Luis Moreno Villamediana (Venezuela)

Imperiosamente recuerdo la primera vez que vi a Nicolás. Es una imagen que parece multiplicada unas mil veces, pero esa exacta reproducción no me impide concentrarme en los detalles. Yo estaba descansando a mediodía cerca de las vías del tren, entre unos matorrales. Me había llevado allí un olor a lechosas podridas. No me había equivocado: las ramas secas de un arbusto ocultaban unas conchas descompuestas, grumosas, que parecían una flor de muerto. Hacía calor y el aire estaba limpio, como si el sol y sus efectos hubieran disuelto, de a poco, el polvo que flota debajo del cielo, no amontonado en nubarrones sino disperso en colonias pequeñas y apenas visibles. Recuerdo que me zarandeaba y el cuerpo se me ponía de color tornasol. No era la primera vez que eso me ocurría; de hecho, ya tenía casi una semana por ahí, junto a los rieles. A esa hora prefería reposar, verme las tonalidades en el cuerpo de prisma quebradizo.

Yo era uno de esos fulanos que sólo necesitan cargarse a sí mismos para completar un plan. No tenía nada, salvo las migas que me resistía a abandonar, pensando que llevar algo pegado al cuerpo podría serme útil cuando no pudiera siquiera encontrar los desperdicios ajenos. Así somos las moscas. Lo puedo contar sin vergüenza: muchas veces me alimenté del olvido, o del horror, de otros, de algo de mal sabor, o sobrecocido, que nadie alcanzó a terminar y derrochó sin misericordia. Es una forma menguada del reciclaje. Hay que sobrevivir.

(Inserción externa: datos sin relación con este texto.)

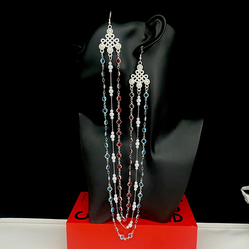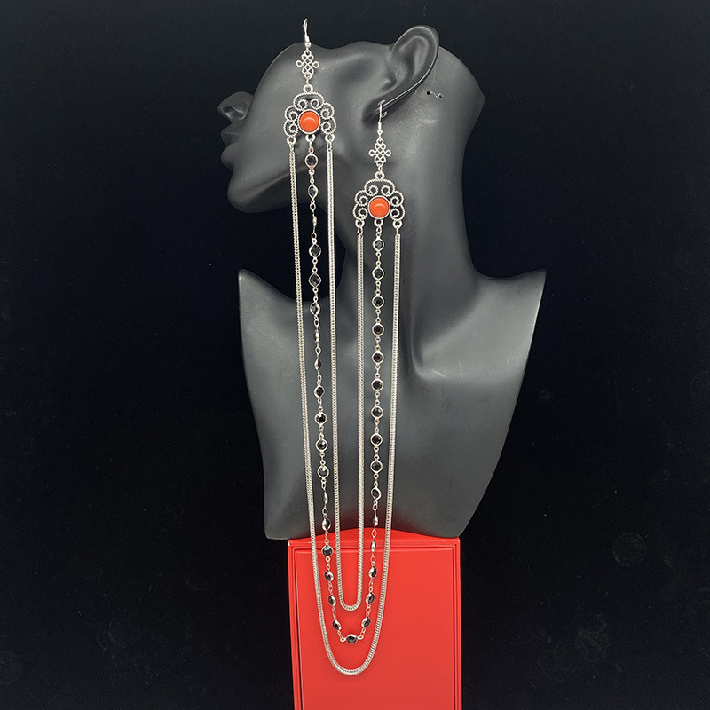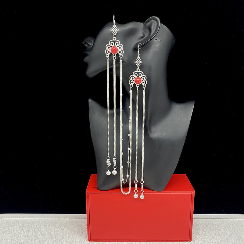 Mongolian Earrings Elements Turquoise Features Ethnic Style Earrings Tassel Jewelry Earrings Mongolian Robe Accessories Hanging Ornaments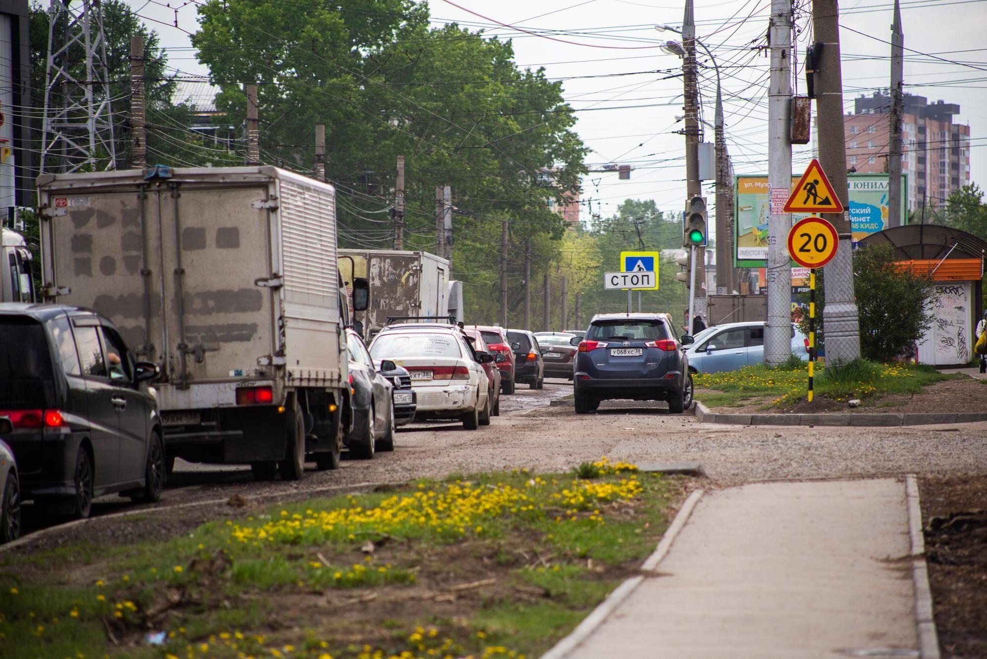 На мост не попадешь. В Иркутске на Чкалова образовалась пробка на полкилометраНа дороге вместо лежачих полицейских остались глубокие выемки: они и создают трудности водителям

Venía de una ciudad sin puerto. No me gustaba: hay algo zafio y pavoroso en esos lugares que no tienen una salida de agua. Es cierto que había por allí suficiente basura, pero eso tiene que acompañarse de una ciénaga, al menos. Me pasaba la mayor parte del tiempo deprimido, pensando en las posibilidades de una vida distinta, como se hace cada vez que el sistema de la propia rutina nos falla, por fatiga o ambición. No me costó irme. Me largué a media mañana, cuando en el cielo ya la claridad se había despejado y unas nubes se agrupaban como miembros de una pandilla, muy hinchadas, no sé si amenazantes.

Desde el primer momento, La Concepción me pareció el sitio adecuado. Recuerdo que me impresionó mucho el bulevar costanero, con sus bancos de listones de madera encerada y esos postes de formas esbeltas que de noche, sobre todo cuando había calor, se llenaban de insectos. No era raro que algún paseante dejara caer algo que pudiera servirme. Yo esperaba reposando sobre una baranda, y cuando tenía oportunidad recogía ese despojo. Allí estuve un par de semanas, quizá: el movimiento de las embarcaciones, un poco lejos, en la orilla opuesta, también me distraía.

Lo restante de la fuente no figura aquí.